That is true but you cannot single out alcoholism for those traits either. It applies to many health and behavioral issues that people engage in including conditions like diabetes, heart conditions, some cancer, obesity and even things like repetitive orthopedic injuries obtained through sports plus hundreds of others.
That is the reason I say that the OP has a generally good point because there is absolutely no known line you can draw that differentiates alcoholism from other activities that people engage in when looking at it from either a disease or behavioral model. I understand why it is a practical problem but you have to be really careful about singling it out as a unique problem when it isn’t. The most effective treatments are essentially the same as for many other mental/behavioral disorders and I am not just talking about 12 step programs. Almost all treatments that are effective at all for alcoholics are also used to treat other conditions.
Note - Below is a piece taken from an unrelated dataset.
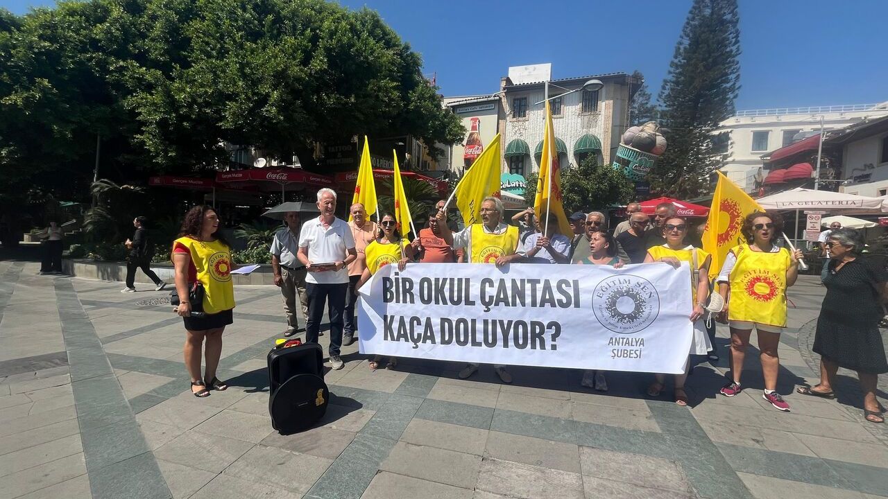 Artan enflasyon, sabit gelirli vatandaşı zor durumda bırakmaya devam ederken, okulların açılış tarihinin yaklaşması ile enflasyonun eğitim harcamalarına yansıması da gündem oldu. Eğitim-Sen Antalya Şubesi, artan harcamaların veliler üzerindeki etkisinin çok ağır olduğuna vurgu yaparak Attalos Meydanı’nda bir eylem gerçekleştirdi. Eylemde konuşan Eğitim-Sen Antalya Şube Başkanı Kadir Öztürk, eğitim bütçesinin artırılmasının zaruri olduğunu ifade etti.

Alcoholism is a shockingly common problem and easily hidden. Some of the people that have it including people here are established and well-respected professionals and some of the most moral people you would ever meet otherwise except for that one issue that they cannot beat. It could be your doctor, boss or professor just as easily as it could be the panhandler on the street.
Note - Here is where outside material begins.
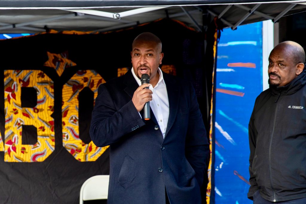 Nahom Mehanie’s father spoke briefly and, below, event organiser Frank Biney (right) who runs pan-African organisation Nkabom Group

The good news is that medical science views it as a true disease and there are some breakthroughs in drug therapy that have been approved in the past few years. It appears that alcoholism is often caused by a problem in the feedback loop to opiate receptors in the brain. Alcohol is not an opiate itself but it acts on those receptors indirectly. Researchers found that alcoholics and even their young children tend to have abnormal brain scans for certain patterns (in the case of the kids, it was before they even ever had a first drink). There are two ‘drugs’ on the market today that can fight alcoholism even in the formerly chronically addicted sometimes with very dramatic results: Naltrexone and Campral that can be used together or individually. If you have an alcoholic close to you, ask your doctor about those because they may work when nothing else does.
I put ‘drug’ in quotes because they are more of an anti-drug in the recreational sense. They don’t cause any type of high and the side-effects are minimal to zero. They work by helping to correct the abnormal brain feedback loops that many alcoholics have genetically and try to fix on their own by drinking with predictable (non)success and lots of heartache.